GROUP/GROUP BY clauses

The GROUP and GROUP BY clauses specify how to map source records to result records in order to group statement output.

Some of the ways to use these clauses in a query are:
  • Omitting the GROUP clause maps each source record to its own result record.
  • GROUP maps all source records to a single result record.
  • GROUP BY <attributeList> maps source records to result records by the combination of values in the listed attributes.

You can also use other grouping functions (such as MEMBERS, CUBE, or GROUPING SETS) with the GROUP and GROUP BY clauses. Details on these functions are given later in this section.

BNF grammar for grouping

The BNF grammar representation for GROUP and the family of group functions is:
GroupClause ::= GROUP | GROUP BY GroupByList | GROUP BY GroupAll
GroupByList ::= GroupByElement | GroupByList ,  GroupByElement
GroupByElement ::= GroupBySingle | GroupingSets | CubeRollup

GroupingSets ::= GROUPING SETS (GroupingSetList)
GroupingSetList ::=  GroupingSetElement |  GroupingSetList ,  GroupingSetElement
GroupingSetElement ::=  GroupBySingle | GroupByComposite | CubeRollup | GroupAll

CubeRollup ::= {CUBE | ROLLUP} (CubeRollupList)
CubeRollupList ::=  CubeRollupElement |  CubeRollupList ,  CubeRollupElement
CubeRollupElement ::=  GroupBySingle | GroupByComposite

GroupBySingle ::= Identifier | GroupByMembers
GroupByComposite ::= (GroupByCompositeList)
GroupByCompositeList ::= GroupBySingle | GroupByCompositeList, GroupBySingle
GroupByMembers ::= MEMBERS (Identifier | Identifier.Identifier) AS Identifier

GroupAll ::= ()
Note that the use of GroupAll results in the following being all equivalent:
GROUP = GROUP BY() = GROUP BY GROUPING SETS(())

Specifying only GROUP

You can use a GROUP clause to aggregate results into a single bucket.

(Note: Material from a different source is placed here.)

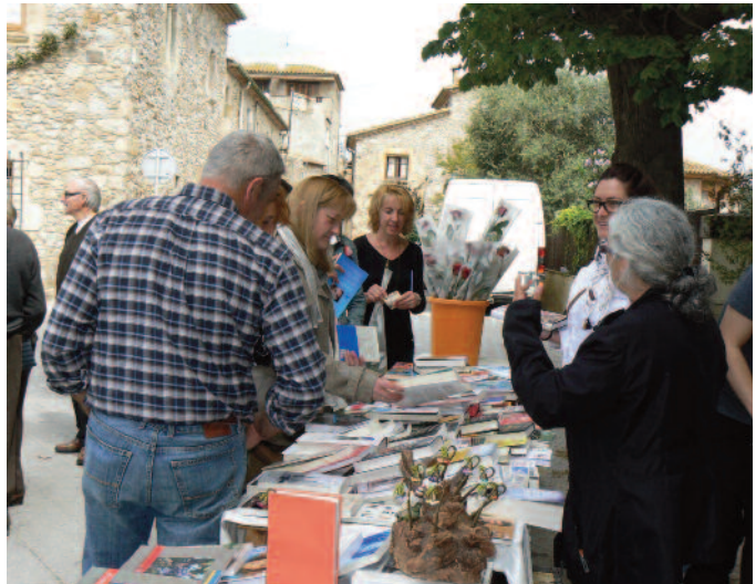
La parada de Sant Jordi, a la plaça de l'Ajuntament.

A Torroella, la diada de Sant Jordi se celebra cada any el diumenge més proper al 23 d'abril. Enguany, va tenir lloc el 26 d'abril, amb la tradicional parada de llibres i roses, organitzada per la Comissió de Festes i el Centre d'Estudis del Baix Fluvià, a davant de l'Ajuntament, beneficiats pel sol que lluïa. La parada es complementava amb el tradicional mercat de segona mà i d'antiguitats dels diumenges al voltant de la plaça.

As the BNF grammar shows, the GROUP clause does not take an argument.

For example, the following statement uses the SUM statement to return a single sum across a set of records:
RETURN ReviewCount AS 
SELECT SUM(NumReviews) AS NumberOfReviews
FROM ProductState
GROUP

This statement returns one record for NumberOfReviews. The value is the sum of the values for the NumReviews attribute.

Specifying GROUP BY

You can use GROUP BY to aggregate results into buckets with common values for the grouping keys. The GROUP BY syntax is:
GROUP BY attributeList
where attributeList is a single attribute, a comma-separated list of multiple attributes, GROUPING SETS, CUBE, ROLLUP, or () to specify an empty group. The empty group generates a total.

Grouping is allowed on source and locally-defined attributes.

Note:

If you group by a locally-defined attribute, that attribute cannot refer to non-grouping attributes and cannot contain any aggregates. However, IN expressions and lookup expressions are valid in this context.

All grouping attributes are part of the result records. In any grouping attribute, NULL values (for single-assign attributes) or empty sets (for multi-assign attributes) are treated like any other value, which means the source record is mapped to result records. For information about user-defined NULL-value handling in EQL, see COALESCE.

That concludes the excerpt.